API PlaybookLifecycle & Developer Experience
Lifecycle & Developer ExperienceIntermediate6 min

Contract Testing

Consumer-driven contracts catch what unit tests miss

In a nutshell

Contract testing verifies that two services agree on the shape of their API -- the fields, types, and status codes they exchange. It catches the common scenario where one team renames a field and breaks another team's service, even though both sides have passing unit tests. The tests run without needing the real services, so they're fast and reliable enough for your CI pipeline.

The situation

Your OrderService calls the UserService to look up a customer's email. Both services have 95% unit test coverage. Both pass their integration tests. You deploy the UserService with a change that renames email to email_address. The OrderService breaks in production. Order confirmation emails stop sending. Nobody notices for 4 hours.

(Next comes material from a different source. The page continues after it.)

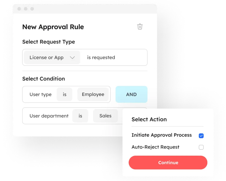 Build custom policies with multi-step approvals for critical applications, that automatically streamlines app requisition & fulfillment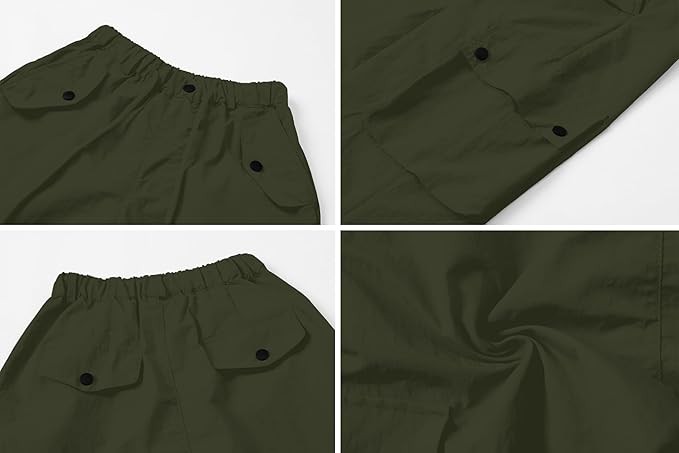 These Parachute Pants are made of soft, lightweight fabric Elastic back waist with drawstring provide comfort and fit Multi pockets for functionally, the strings at your ankle, 1 pair of pants to experience 2 styles of wearing, straight wide leg and loose joggers Light Water resistant helps to wick away moisture and keep dry and cool.

Unit tests didn't catch it because they test each service in isolation. Integration tests didn't catch it because they run against a shared staging environment that wasn't updated yet. The gap between "my service works" and "my service works with your service" is exactly where contract testing lives.

The testing gap

Test typeWhat it catchesWhat it misses
Unit testsLogic errors within a single function or moduleAnything that crosses a service boundary
Integration testsFull-stack behavior with real dependenciesSlow, flaky, hard to maintain, often skipped in CI
End-to-end testsUser-visible behavior across the whole systemExpensive, brittle, slow feedback loop
Contract testsMismatches in the agreed API shape between two servicesInternal logic errors (that's what unit tests are for)

Contract tests fill the gap between unit tests and integration tests. They're fast (no real services needed), focused (only test the interface), and run in CI.

The real insight

Contract tests don't test behavior — they test agreements. Does the producer return the shape the consumer expects? Does the consumer send requests the producer can handle? If both sides honor the contract, integration works. If either side drifts, the test fails.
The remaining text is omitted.